Embedding Projector
Visualise high-dimensional embeddings in 3D and compare PCA vs UMAP projection. Mammoth point cloud, Fashion MNIST image embeddings, GloVe word vectors, and real blog post sentence embeddings — all precomputed, instant switching.
Every AI model that does something useful — classify images, translate text, recommend products, answer questions — first converts its input into a high-dimensional vector. That vector is the model's internal representation of meaning. The problem: humans cannot look at a 384-dimensional vector and understand what it means.
Projection is the practice of compressing those vectors down to 2D or 3D while preserving as much of the original structure as possible — so you can see the geometry with your eyes.
Two methods dominate:
- PCA — finds the directions of maximum variance and projects linearly.
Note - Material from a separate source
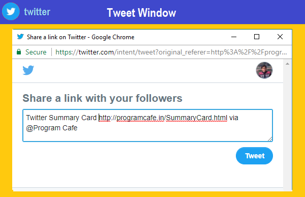 Summary card is a kind of twitter card which allows us to show an image with our tweets. Basically, it is designed to give the reader a preview of the content before clicking through to your website.

Fast, globally consistent, deterministic. Blind to nonlinear structure.
- UMAP — builds a topological graph of local neighbourhoods in high-dimensional space, then optimises a low-dimensional layout to match it. Slower. Clusters survive.
All projections here are precomputed. Nothing runs in your browser.
Projector
What each dataset shows
🦣 Mammoth — point cloud
10,000 points sampled from the surface of a woolly mammoth skeleton, sourced from PAIR-code/understanding-umap and downsampled to 2K via Farthest Point Sampling (FPS). Why downsample? To make your browser run faster.
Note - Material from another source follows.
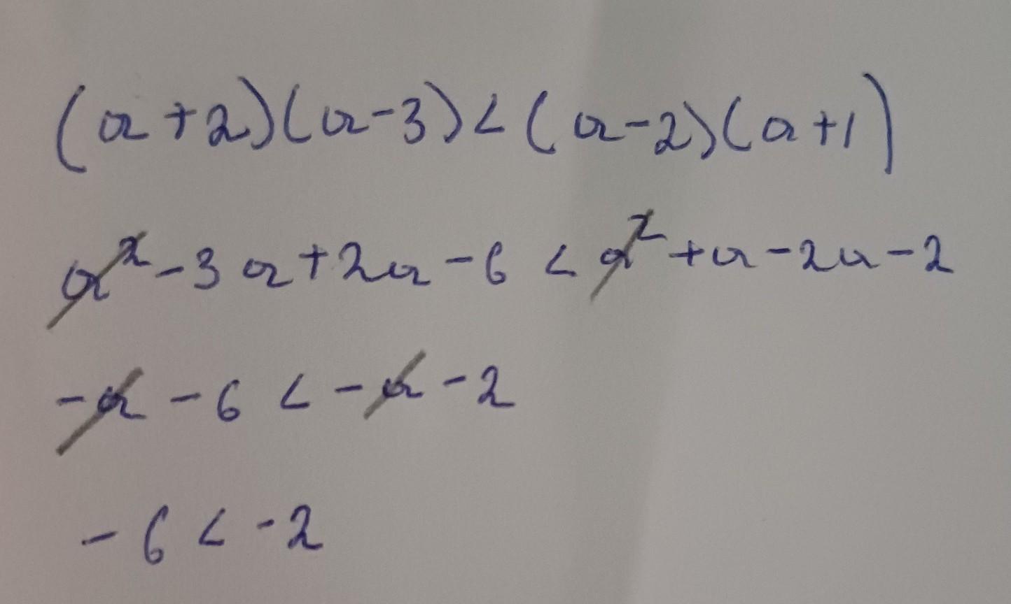 Оскільки в першому випадку a не може бути одночасно менше 4 і більше -1, а в другому випадку немає жодного значення a, що виконує обидві нерівності, то вихідна нерівність a + 2(a - 3) < (a - 2)(a + 1) справедлива для всіх значень a.

The mammoth is the canonical benchmark for projection algorithms because its surface is a connected 2D manifold embedded in 3D.
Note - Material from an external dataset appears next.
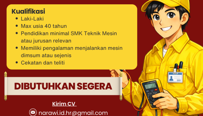 Lowongan Kerja Narawi: Operator Mesin Dimsum (Dibutuhkan Segera!)

Every segment connects to its neighbours, legs to body, neck to head, head to tusks.
PCA sees a blob with an elongated axis, basically like a light shining through the mammoth and you see a shadow.
UMAP learns the topology and roughly preserves it. The connected segments in 3D remain neighbours in 2D.
The buttons inside the UMAP chart expose how the two hyperparameters trade off:
| Low | High | |
|---|---|---|
| n_neighbors | Local structure. Tight clusters, may fragment the global shape. | Global structure. Body parts stay connected. |
| min_dist | Tight, dense clusters. | Spread-out, diffuse layout. |
👗 Fashion MNIST — image embeddings
2,000 items from Fashion MNIST (Zalando Research): T-shirts, trousers, dresses, sneakers, bags.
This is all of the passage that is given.